Given the expression:
[tex]\frac{20ab}{\mleft(a-b\mright)^2}[/tex]
1. You need to substitute these values given in the exercise into the expression:
[tex]\begin{gathered} a=4 \\ b=-2 \end{gathered}[/tex]
Then:
[tex]=\frac{20(4)(-2)}{(4-(-2))^2}[/tex]
2. According to the Sign Rules for Multiplication:
[tex]\begin{gathered} +\cdot+=+ \\ -\cdot-=+ \\ -\cdot+=- \\ +\cdot-=- \end{gathered}[/tex]
Knowing this, you can solve the multiplication in the numerator and simplify the denominator:
[tex]=\frac{-160}{(4+2)^2}[/tex][tex]=\frac{-160}{(6)^2}[/tex]
You know that:
[tex]6^2=6\cdot6=36[/tex]
Then:
[tex]=\frac{-160}{36}[/tex]
3. According to the Sign Rules for Division:
[tex]\begin{gathered} \frac{-}{-}=+ \\ \\ \frac{+}{+}=+ \\ \\ \frac{-}{+}=- \\ \\ \frac{+}{-}=- \end{gathered}[/tex]

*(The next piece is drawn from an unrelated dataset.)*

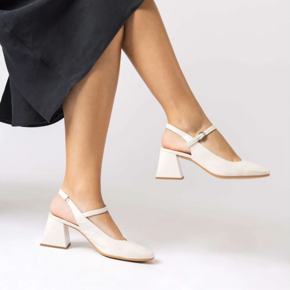 Escarpins Mary Jane à talon slingback. Le modèle Jane possède un bout carré. Grâce à son élastique, le maintien est parfait, et son talon de 6 centimètres offre une hauteur idéale. Profitez d'un confort garanti grâce à la semelle intérieure rembourrée MemoryGel : préparez-vous à une sensation de légèreté et de légèreté !

Therefore, since the numerator is negative and the denominator is positive, the fraction is negative:
[tex]=-\frac{160}{36}[/tex]
4. You can reduce the fraction by dividing the numerator and the denominator by 4:
[tex]\begin{gathered} =-\frac{160\div4}{36\div4} \\ \\ =-\frac{40}{9} \end{gathered}[/tex]
Hence, the answer is:
[tex]=-\frac{40}{9}[/tex]